Google Just Changed Embeddings Forever: Gemini Embedding 2 Explained

If you’ve ever built a RAG pipeline, you know the friction: separate models for text, images, audio, and video. You preprocess everything into a common format before you can even start searching. It’s messy, brittle, and expensive to maintain.

Google just shipped something that changes that equation. On March 10, 2026, they released Gemini Embedding 2 — their first natively multimodal embedding model — into public preview. And it’s a meaningful architectural step forward.

What Are Embeddings (And Why Should You Care)?

Embeddings are how AI “understands” content. They convert any piece of data — a sentence, an image, a clip of audio — into a vector of numbers that captures its meaning. When two pieces of content are semantically similar, their vectors sit close together in that mathematical space. That’s the engine behind semantic search, recommendation engines, RAG pipelines, and classification systems.

Most embedding models are unimodal. They’re great at one thing — text, or images — but handling multiple content types requires running different models and hoping the outputs are compatible. That creates significant overhead in real-world applications.

What Gemini Embedding 2 Does Differently

Gemini Embedding 2 maps text, images, video, audio, and documents into a single, unified embedding space. One model. One vector space. No preprocessing required.

Here’s what it supports out of the box:

Text — up to 8,192 input tokens
Images — up to 6 images per request (PNG and JPEG)
Video — up to 120 seconds (MP4 and MOV)
Audio — natively embedded without transcription — the model understands audio directly
Documents/PDFs — up to 6 pages per request
Interleaved inputs — mix multiple modalities in a single request (e.g., image + text together)
100+ languages

That last point about audio is worth pausing on. Previous pipelines required you to transcribe audio to text before embedding it — losing nuance and adding latency. Gemini Embedding 2 ingests audio natively, meaning it can capture tone, pacing, and non-verbal signals that transcription strips out.

Matryoshka Representation Learning: Flexible by Design

Gemini Embedding 2 uses Matryoshka Representation Learning (MRL) — a technique that “nests” information so embeddings can be scaled down without retraining. Think of it like Russian nesting dolls.

The model outputs vectors at 3,072 dimensions by default, but you can compress them to 1,536 or 768 dimensions. Smaller vectors mean lower storage costs and faster retrieval — with a controllable tradeoff on accuracy. Google recommends sticking with 3,072 for highest quality, but for high-volume applications where cost matters, 768 is a viable option.

Seeing It in Action

Google built a lightweight multimodal semantic search demo to show the model’s capabilities. It’s worth a look to understand what cross-modal retrieval actually feels like in practice.

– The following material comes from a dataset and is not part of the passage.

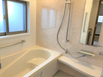 | 使用商材 | LIXIL:リノビオVシリーズ1418サイズ、 アクセントパネル:ポテチーノベージュ 浴槽カラー・エプロンカラー・床カラー:ベージュ |

For developers, here’s how you’d embed text, an image, and audio in a single API call:

from google import genai
from google.genai import types

client = genai.Client()

with open("example.png", "rb") as f:
    image_bytes = f.read()

with open("sample.mp3", "rb") as f:
    audio_bytes = f.read()

result = client.models.embed_content(
    model="gemini-embedding-2-preview",
    contents=[
        "What is the meaning of life?",
        types.Part.from_bytes(data=image_bytes, mime_type="image/png"),
        types.Part.from_bytes(data=audio_bytes, mime_type="audio/mpeg"),
    ],
)

print(result.embeddings)

Three modalities, one call, one unified embedding. That’s the shift.

Who Should Be Paying Attention

AI/ML developers: This simplifies multimodal RAG dramatically. One model handles retrieval across all your content types — documents, images, audio recordings, video clips — without separate pipelines or compatibility headaches.

Marketing technologists: Imagine a knowledge base that can semantically search across your PDF decks, recorded webinars, product images, and written content simultaneously. That’s now possible with a single embedding layer.

SaaS and product builders: Multimodal search, recommendation systems, and classification across mixed media — without the architecture overhead of stitching together multiple models.

SEO and content teams: As AI-powered search evolves, how your content gets represented in embedding space matters. Understanding the models that power retrieval is becoming a core skill.

Where It Fits in the Ecosystem

Gemini Embedding 2 is available through both the Gemini API and Vertex AI. It integrates with all the major frameworks and vector stores you’re probably already using:

Interactive notebooks are available on GitHub (Gemini API) and GitHub (Vertex AI) if you want to spin up a test project today.

The Bigger Picture

Single-model multimodal embeddings is where the field has been heading for a while. Google shipping it in a production-ready form — with ecosystem integrations already in place — is a meaningful milestone.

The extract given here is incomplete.